**ACTIVITY**
Return, word for word, only the lines of the data below that lie between the line with "Kolsuz, V yakalı, pilili" and the line with "This artwork belongs", those two lines included.

DATA PROVIDED Start Marker

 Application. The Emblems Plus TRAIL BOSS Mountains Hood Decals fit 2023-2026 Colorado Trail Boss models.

DATA PROVIDED End Marker
DATA PROVIDED Start Marker

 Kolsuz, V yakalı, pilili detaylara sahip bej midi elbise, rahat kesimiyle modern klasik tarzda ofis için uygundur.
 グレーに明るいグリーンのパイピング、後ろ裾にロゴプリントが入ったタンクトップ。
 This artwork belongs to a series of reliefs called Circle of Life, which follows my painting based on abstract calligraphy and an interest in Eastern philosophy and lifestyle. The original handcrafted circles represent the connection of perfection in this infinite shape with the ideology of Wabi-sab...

DATA PROVIDED End Marker
DATA PROVIDED Start Marker

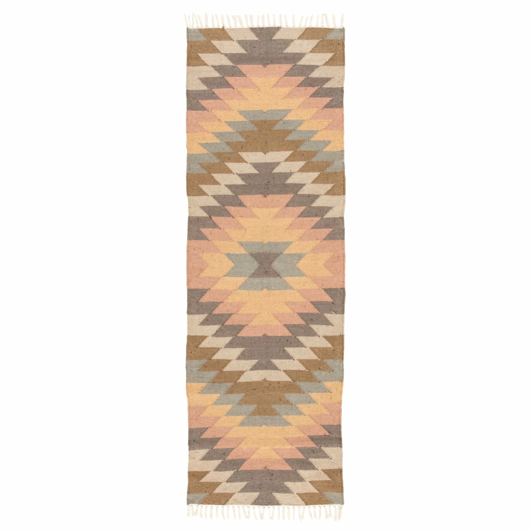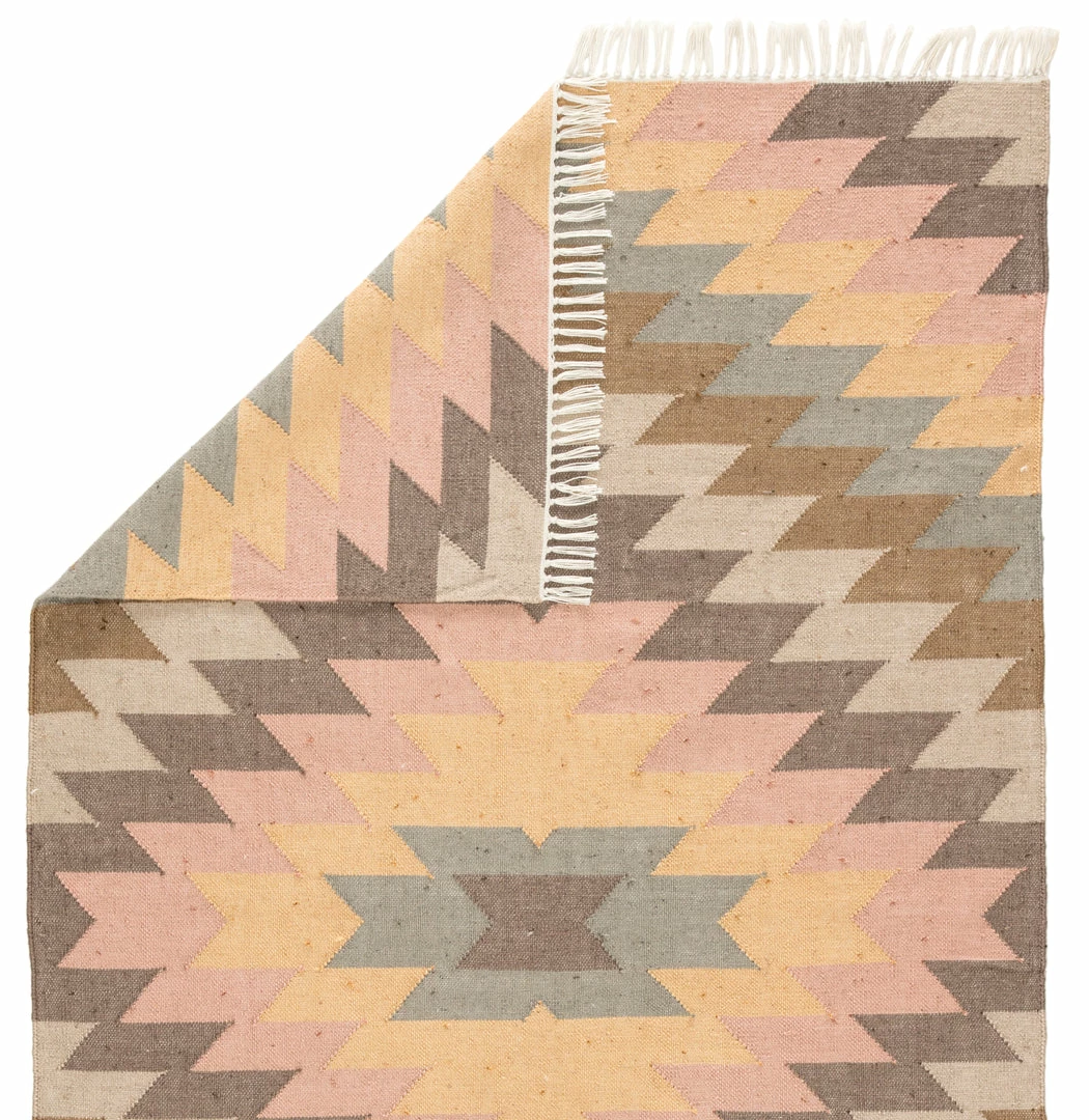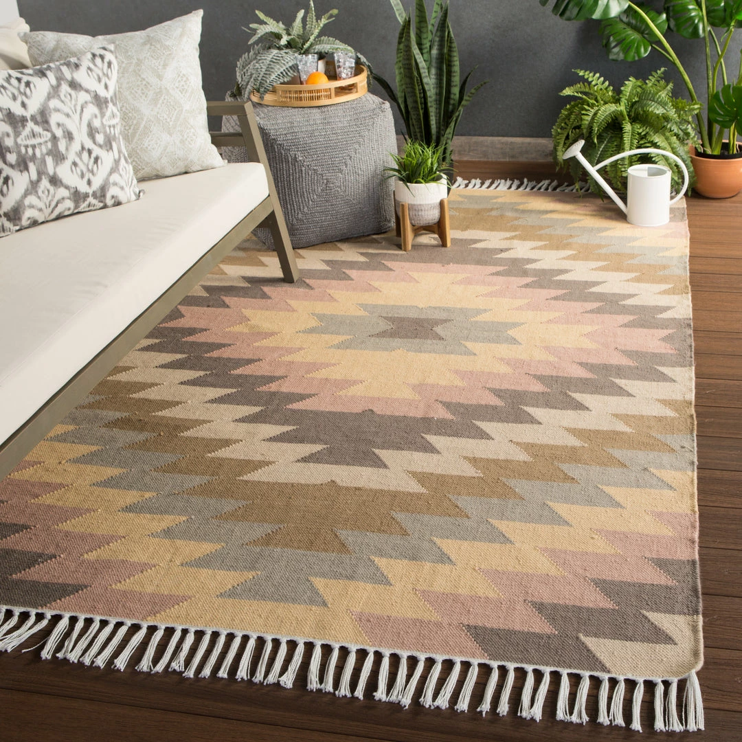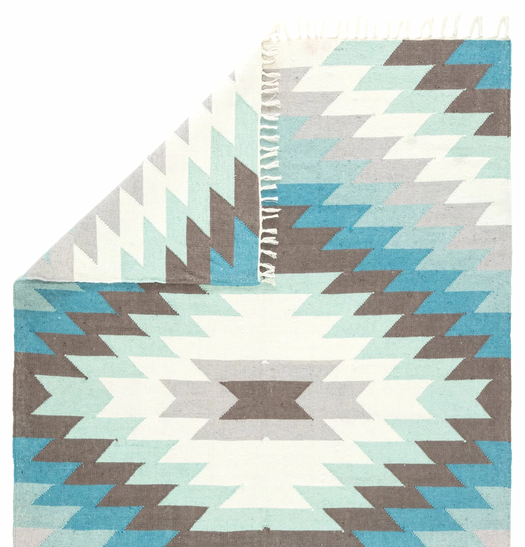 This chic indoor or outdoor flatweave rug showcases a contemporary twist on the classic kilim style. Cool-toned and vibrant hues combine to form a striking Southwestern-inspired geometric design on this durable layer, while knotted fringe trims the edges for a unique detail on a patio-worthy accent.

DATA PROVIDED End Marker

**WRITTEN SOLUTION**
 Kolsuz, V yakalı, pilili detaylara sahip bej midi elbise, rahat kesimiyle modern klasik tarzda ofis için uygundur.
 グレーに明るいグリーンのパイピング、後ろ裾にロゴプリントが入ったタンクトップ。
 This artwork belongs to a series of reliefs called Circle of Life, which follows my painting based on abstract calligraphy and an interest in Eastern philosophy and lifestyle. The original handcrafted circles represent the connection of perfection in this infinite shape with the ideology of Wabi-sab...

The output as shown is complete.